Saraiva Conteúdo por Saraiva Conteúdo Filmes e séries 28.06.2013 28.06.2013

Hitchcock: dos cinemas para as telinhas

Por Thaís Ferreira
 
Enquanto uma mulher toma banho, um vulto surge atrás da cortina do chuveiro. De repente, um grito aterrorizante, um fundo musical tenso e ela é esfaqueada; esses são os ingredientes para uma das cenas mais clássicas do cinema.
A história de Psicose, célebre filme do diretor Alfred Hitchcock, se passa no Bates Motel, localizado em uma estrada pouco movimentada no estado do Oregon.
Na obra cinematográfica, Norman Bates (Anthony Perkins), um jovem dominado por sua mãe, é o responsável por administrar o lugar que se torna palco de misteriosos assassinatos.

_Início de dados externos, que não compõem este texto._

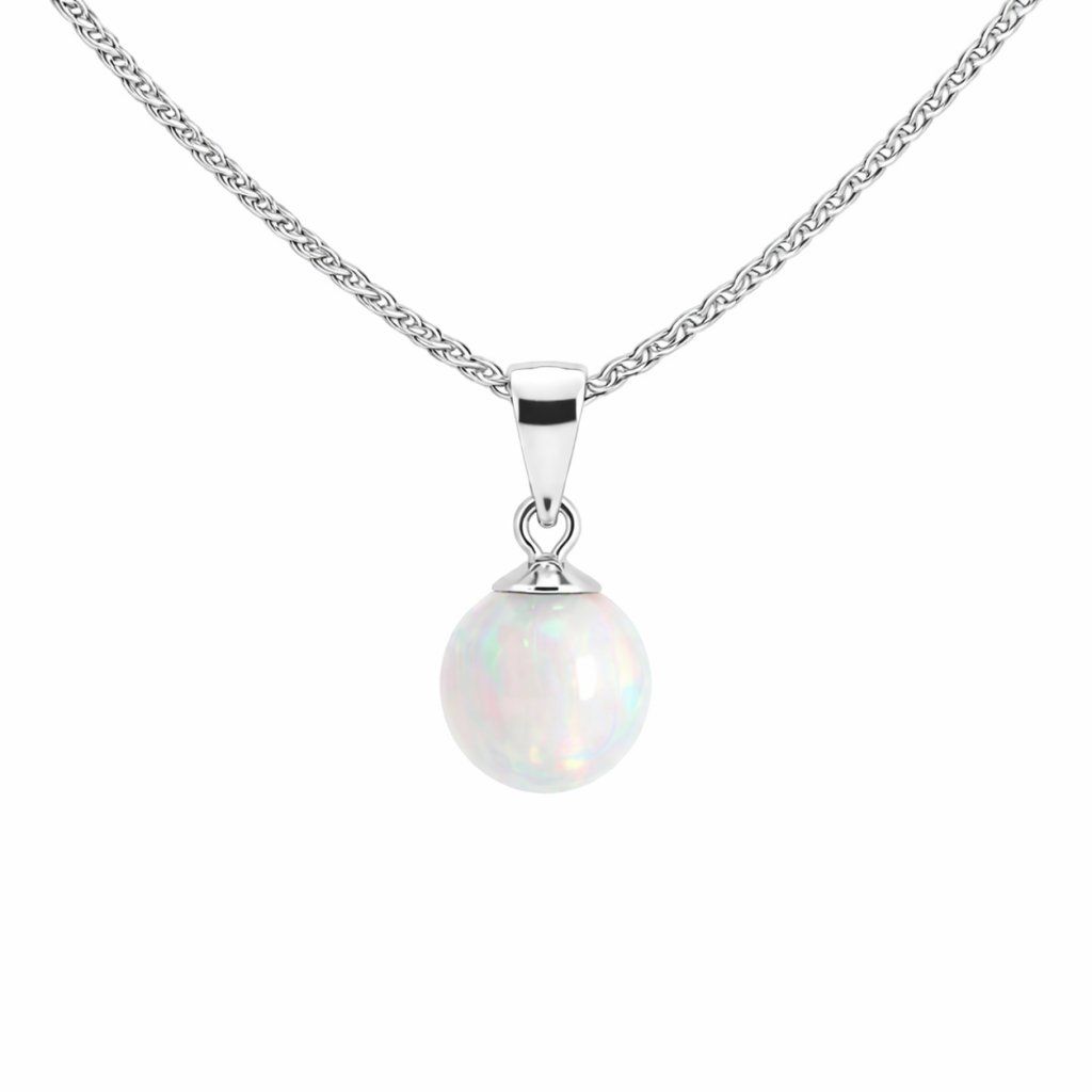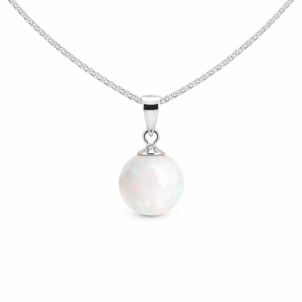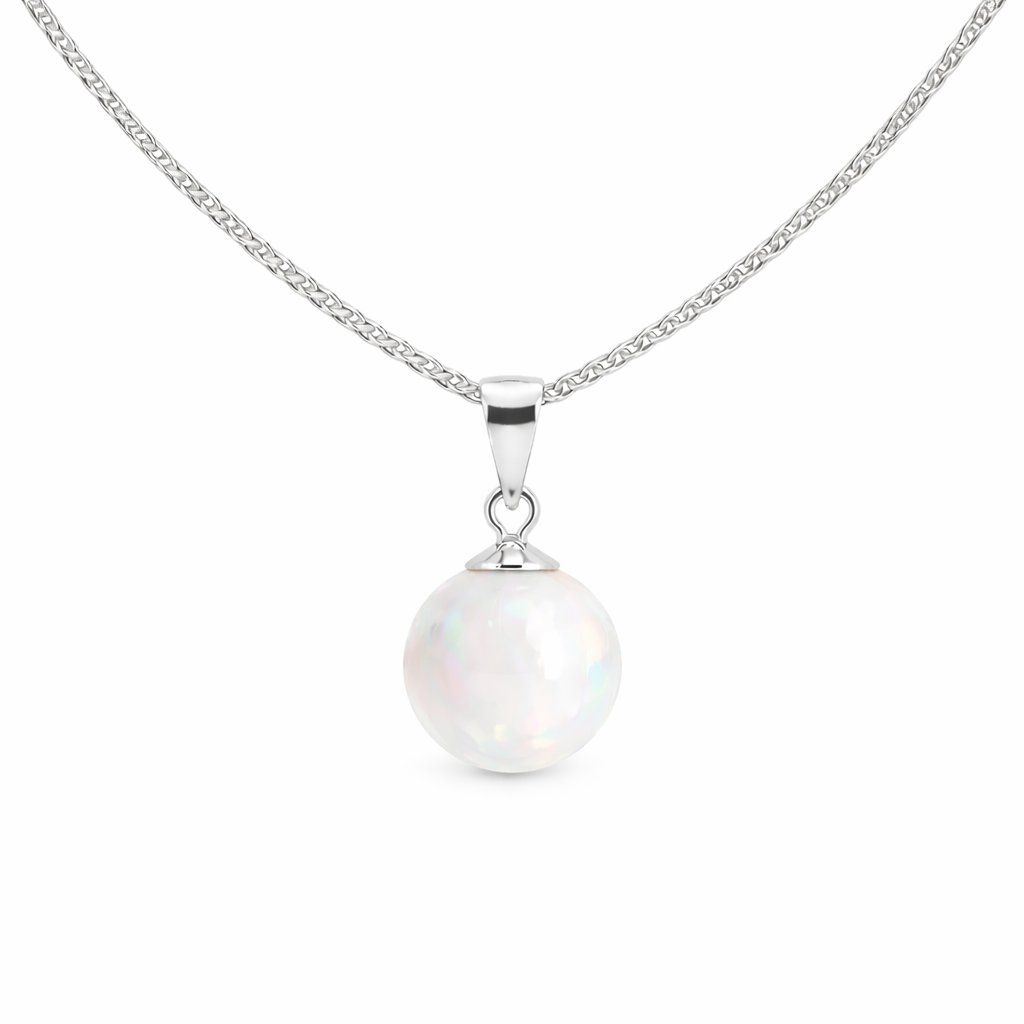 Stříbrný přívěsek kulička s bílým opálem 9 mm

Lançada em 1960 e baseada no livro homônimo de Robert Bloch, a película voltou a ser foco de atenção recentemente com a estreia nos cinemas de Hitchcock, obra metalinguística que conta os bastidores de Psicose
A ideia de revisitar a história do filme, no entanto, não é um fenômeno que acontece apenas na atualidade. Foram lançadas quatro sequências para o enredo original durante a década de 1980, sendo que uma dessas produções dedicou-se a falar da juventude do personagem principal.

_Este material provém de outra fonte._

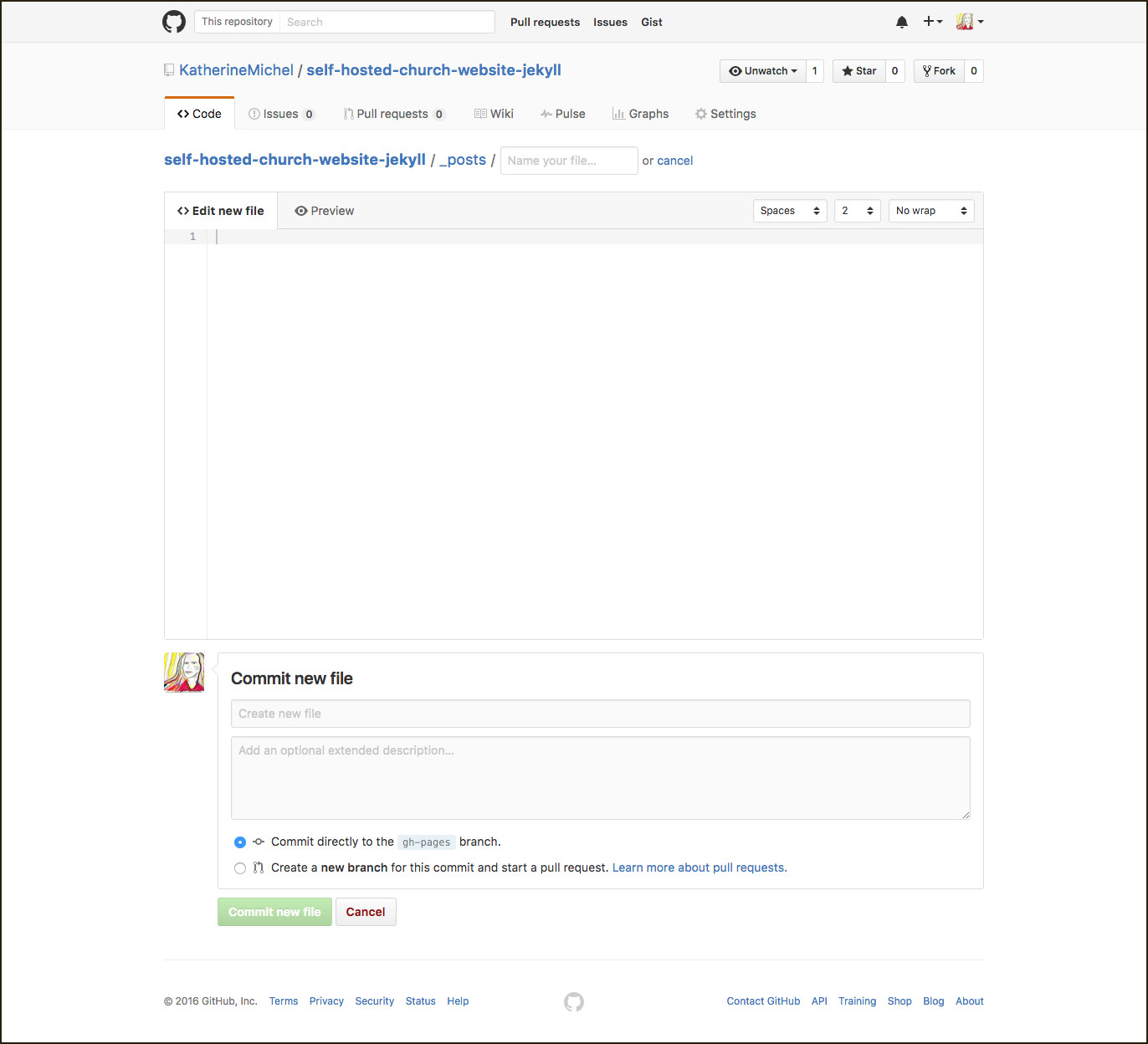 When you are happy with your post, scroll to the bottom of the page. Optionally, leave a commit message. Click the green "Commit new file" button

O seriado Bates Motel tem a mesma pretensão: ser o prelúdio de Psicose. A atração estreou nos Estados Unidos em março e chega às telinhas brasileiras no próximo dia 4 de julho, no Universal Channel.
BATES MOTEL: ENREDO E ATORES
A série começa com a estranha morte do pai de Norman Bates. Ele e sua mãe, Norma, decidem recomeçar a vida na pequena cidade de White Pine Bay, no Oregon, comprando e administrando um motel na beira da estrada.

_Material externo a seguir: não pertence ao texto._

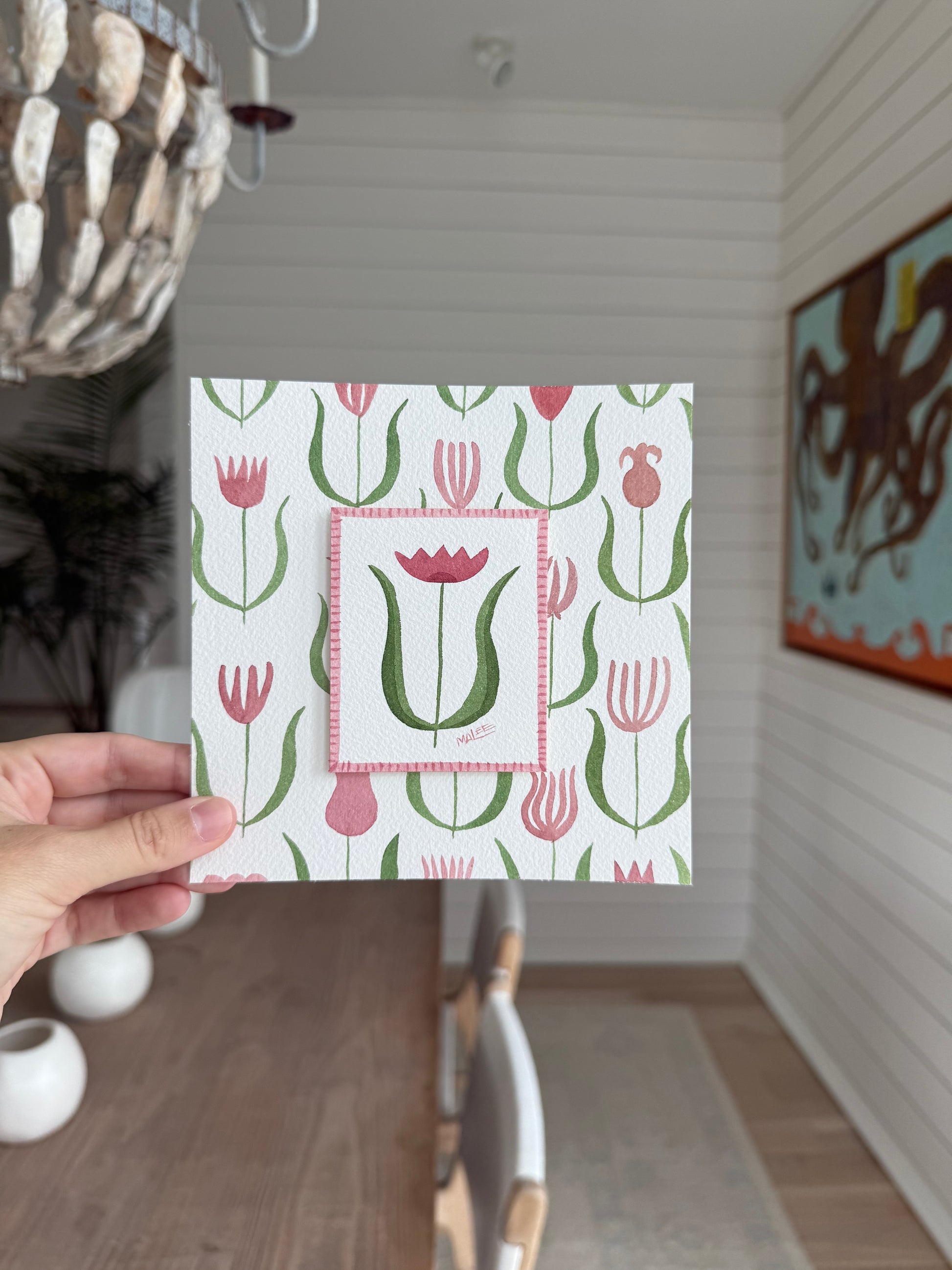 Original watercolor botanicals layered on botanical background.

O protagonista tem 17 anos e tenta se adaptar à escola e aos amigos novos, enquanto lida com as cobranças de sua mãe. No desenvolvimento da atração, os moradores do local não parecem ser tão pacatos quanto à primeira vista, e cada vez mais mãe e filho mostram seus lados mais obscuros.
Apesar de alguns cenários e figurinos parecerem antigos, principalmente nas cenas envolvendo Norma e o filho, o enredo se passa nos tempos atuais. A ideia é remeter à obra de Hitchcock,filmada no início da década de 1960.
 
Cena de Bates Motel

A escolha do elenco também é outro ponto positivo da série. Os papéis principais são interpretados por dois atores com experiência no mundo do cinema. O filho é vivido por Freddie Highmore, que começou a atuar aos 7 anos e participou de Em Busca da Terra do Nunca, As Crônicas de Spiderwick e Um Mestre em Minha Vida, mas é mais conhecido por protagonizar ao lado de Johnny Depp A Fantástica Fábrica de Chocolate, de Tim Burton.

Já Vera Farmiga estrelou os filmes No Rastro da Bala, Os infiltrados, A Órfã e Amor sem Escalas. Por esse último, recebeu a indicação ao Oscar de 2010, como melhor atriz coadjuvante. 
Com um elenco talentoso e uma trama cheia de suspense, Bates Motel teve boa aceitação do público norte-americano. A primeira temporada tem dez episódios, e a atração já foi renovada para a segunda.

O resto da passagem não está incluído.